Elsewhere, Indonesia was among the weaker markets in Asia this week, as investors focused on currency pressure, higher oil prices, and rising uncertainty around economic policy. Higher oil prices raised concerns about inflation, subsidy costs, and pressure on the country’s external balances. At the same time, investors were assessing recent policy changes, including revisions to the financial-sector law that broadened Bank Indonesia’s mandate to include support for economic growth and give parliament a larger oversight role.

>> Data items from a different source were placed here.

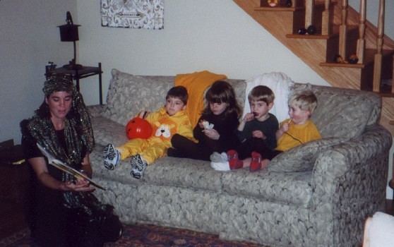 Jack's mom Nancy is reading us a story after we got back. William joined us about half way through.
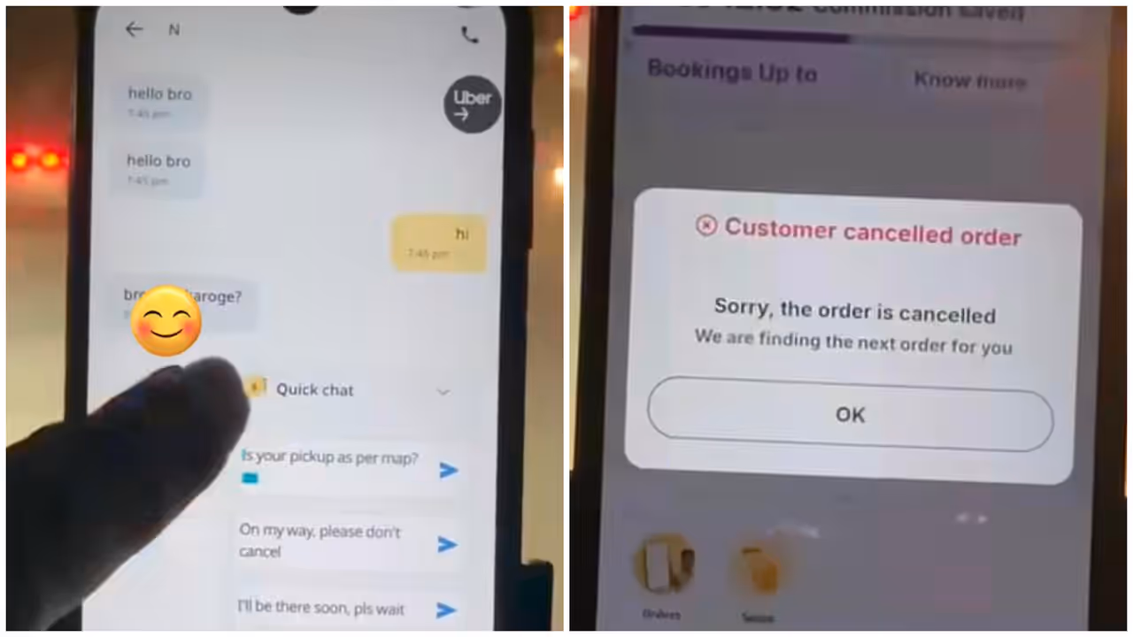 The driver, identified as Vishal, shared a video online claiming that the rider sent inappropriate messages while booking a trip to the ISKCON temple. The screenshots displayed in the video show the conversation that allegedly happened on the app.
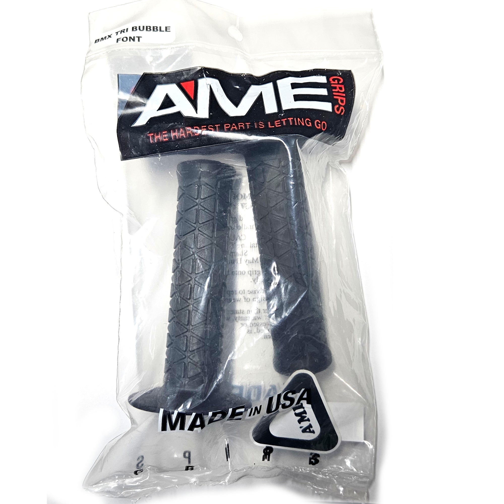 AME Tri Bubble Font BMX Grips - Flanged - Black - USA Made
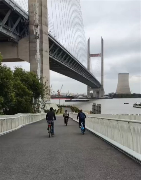 随后,教职工登船横渡黄浦江。在杜行渡口下船后,沿着黄浦江东岸绵延的林荫小道,一路向南骑行。沿途坐落着不少村落,环境优美安详。沿着江堤骑行,一路江风拂面,凉爽宜人,一行人谈笑风生,身心愉悦放松。
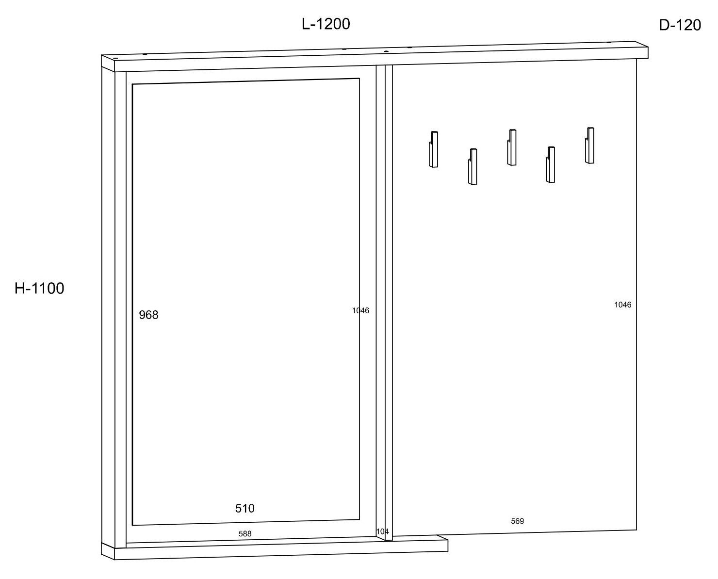 The set includes: BRITA 02 cabinet with seat 120/48/40 – 39 kg – 2 units BRITA 26 coat rack with mirror 120/110/12 – 25 kg – 1 unit
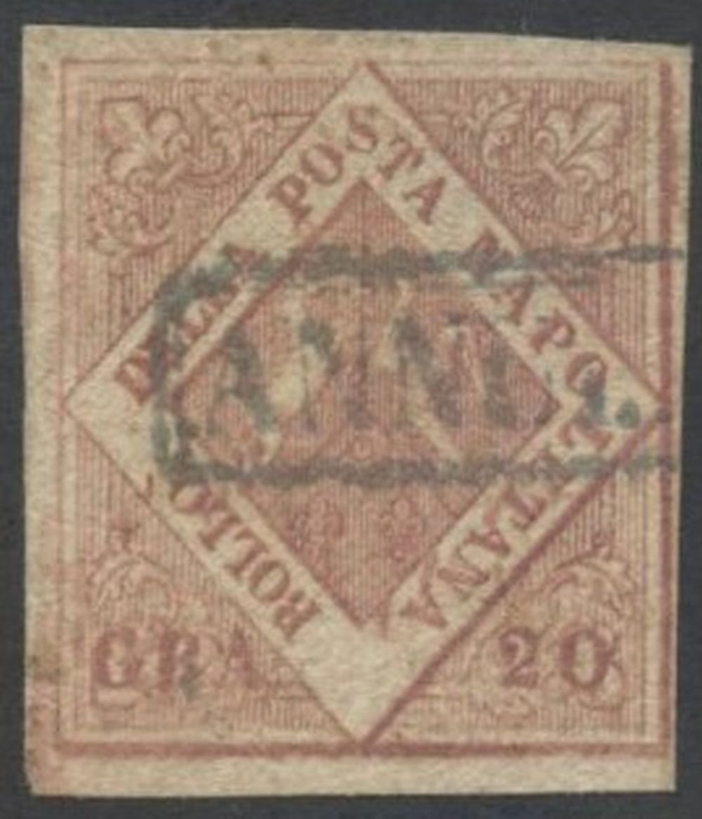 1858 - 20gr. Rosa Brunastro N.12, usato. (A+) (A.Diena)
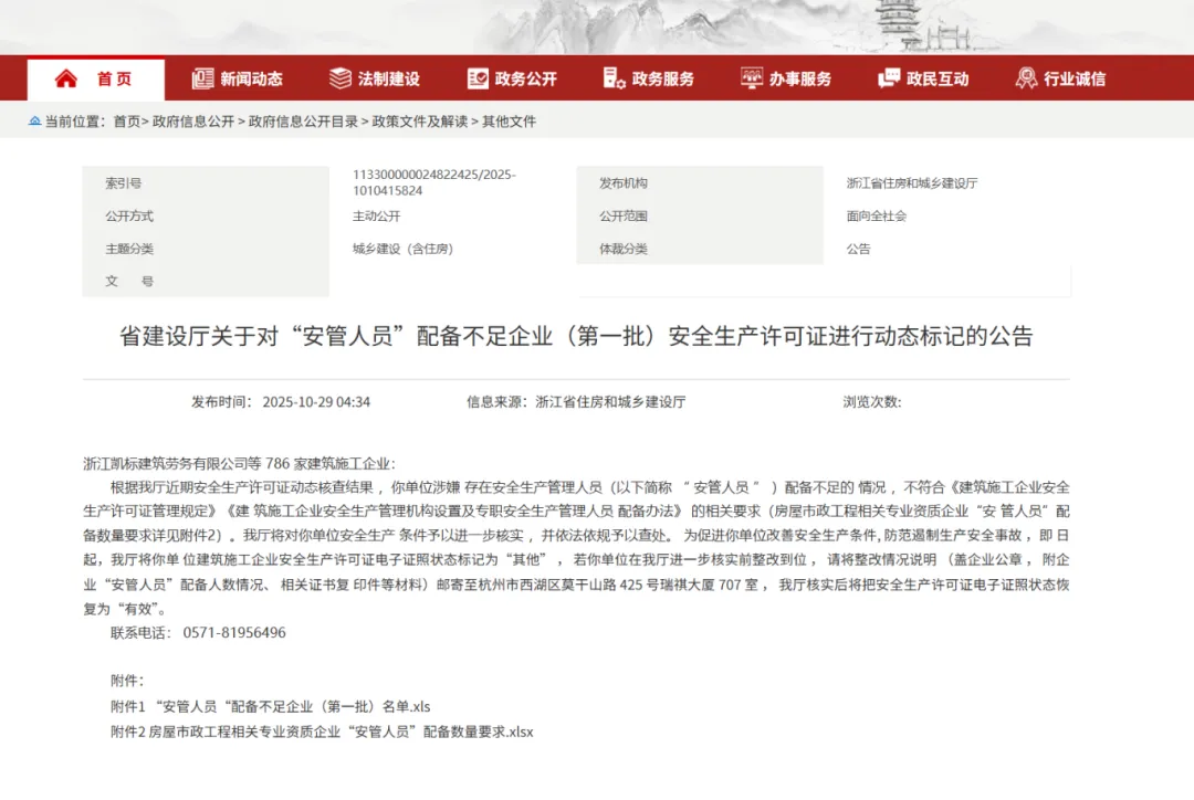 浙江:786家企业因安全员缺配,安许证被标“其他”,整改不到位直接查处。
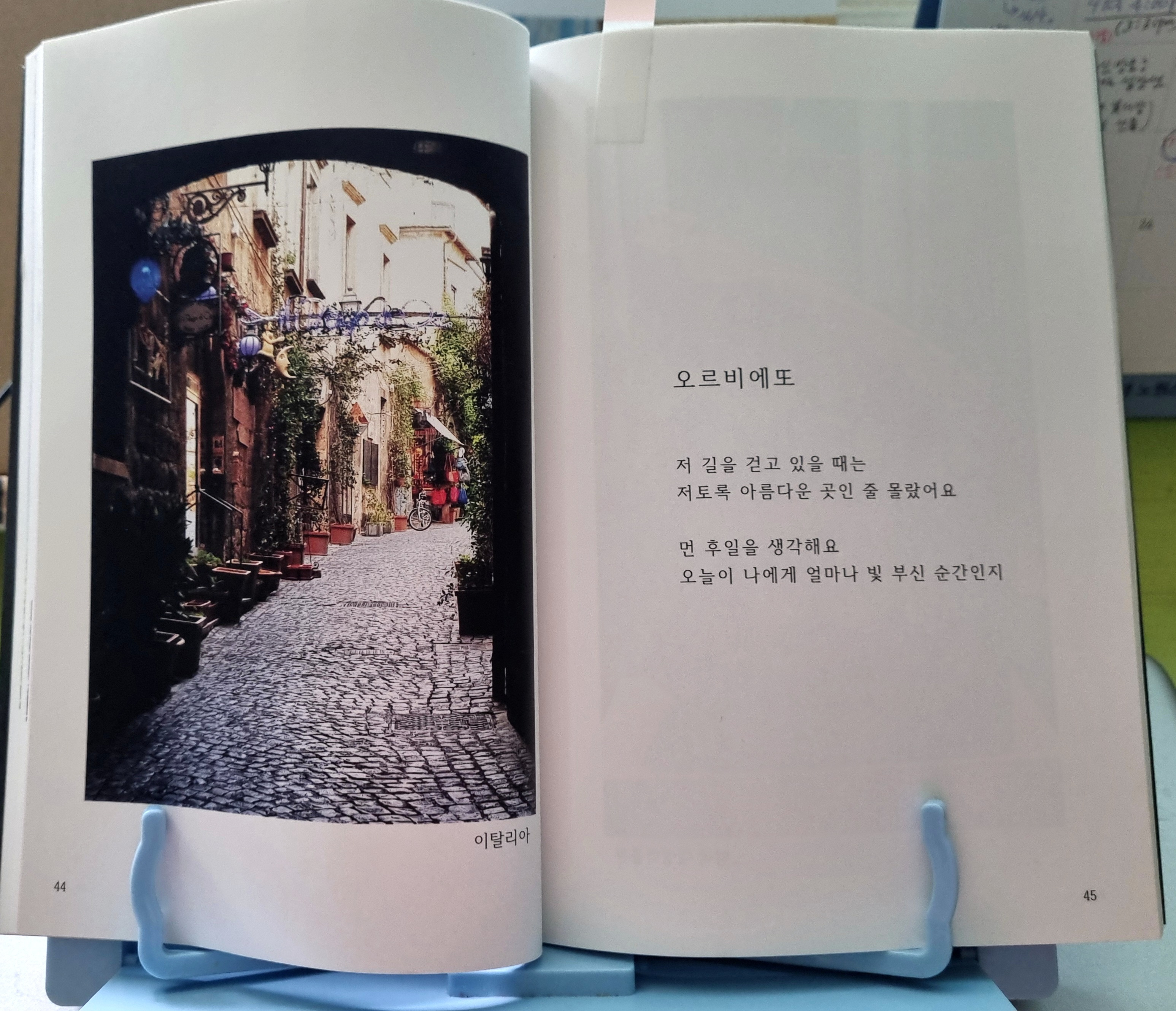 오르비에또는 작은 도시라서 놓치기 쉽지만 절벽으로 둘러쌓인 천연 요새 위에 세워진 도시로, 낭만적이고 아름다운 도시다. 화자는 이탈리아의 화려하고 역사적인 큰 도시들도 다 돌아보았을텐데 『여행 디카시』에서는 오르비에또를 인상 깊게 등장시켰다.
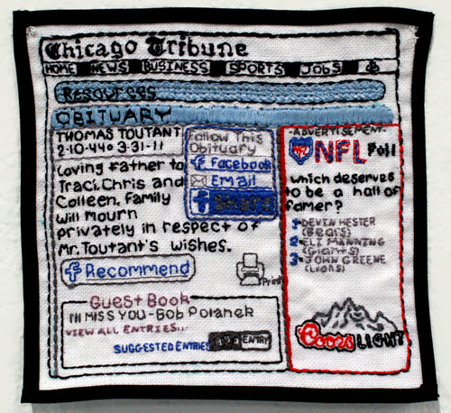 Artist Colleen Merrill created these traditional needlework versions of social media that look at how these forms of communication affect our lives.
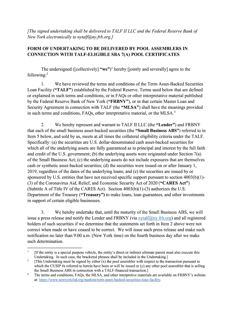 Master loan and security agreement (mlsa) the mlsa is the governing instrument for all talf loans. This guide discusses the most important features of the 2020. Each borrower of a talf loan will be required to certify, among other things, that it is unable to secure “adequate credit accommodations” from other banking institutions.
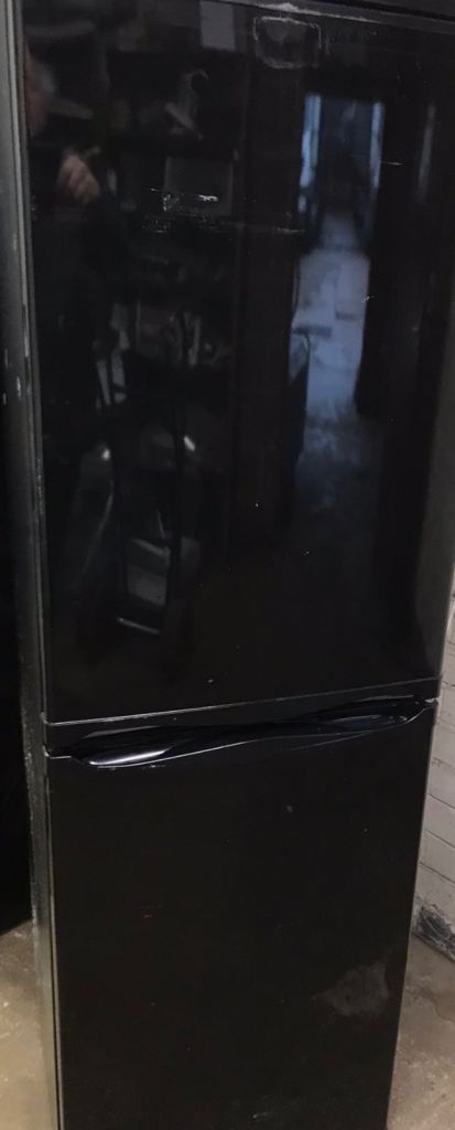 Fridge Freezer gloss black Hotpoint half and half size, good clean condition working perfectly possible local delivery and demonstrate 75 pounds.

Indonesian equities fell over the week, including a sharp decline on Wednesday following fresh US-Iran military exchanges, and ended the week at a four-year low. The rupiah also weakened to record lows, heightening concerns about import and energy costs, which can affect inflation, corporate margins, and borrowers' ability to manage US dollar-denominated debt. Market pricing suggested investors were waiting for clearer evidence of currency stability, fiscal discipline, and policy consistency before taking a more constructive view on Indonesian assets.

 

Last week, the Bloomberg Global Aggregate Index (hedged to USD) returned -0.4% (0.3% YTD), the Bloomberg Global High Yield Index (hedged to USD) -0.2% (2.0% YTD), and the Bloomberg Emerging Markets Hard Currency Aggregate Index -0.4% (1.0% YTD).

US Treasuries posted losses for the week, with yields rising across most maturities as solid economic data, oil price volatility, and some hawkish commentary from Fed officials fuelled concerns that inflation pressures could keep monetary policy restrictive. Over the week, the 10-year Treasury yield increased by 9bps to 4.53% from 4.44% (up 36bps YTD). The 2-year Treasury yield rose by 14bps, ending the week at 4.15% from 4.01% (up 67bps YTD).

US investment-grade corporate bonds also declined, underperforming Treasuries, although new issues were generally oversubscribed. Year-to-date supply in the market was at its fastest pace since 2020. Sentiment in the high-yield bond market was mixed but constructive despite bouts of volatility fuelled by oil price swings, renewed geopolitical tensions, and shifting rate expectations.

Over the week, the 10-year German Bund yield increased by 10bps, ending at 3.04% from 2.94% (up 18bps YTD). The 10-year UK gilt yield rose by 9bps, ending the week at 4.90% from 4.81% (up 43bps YTD).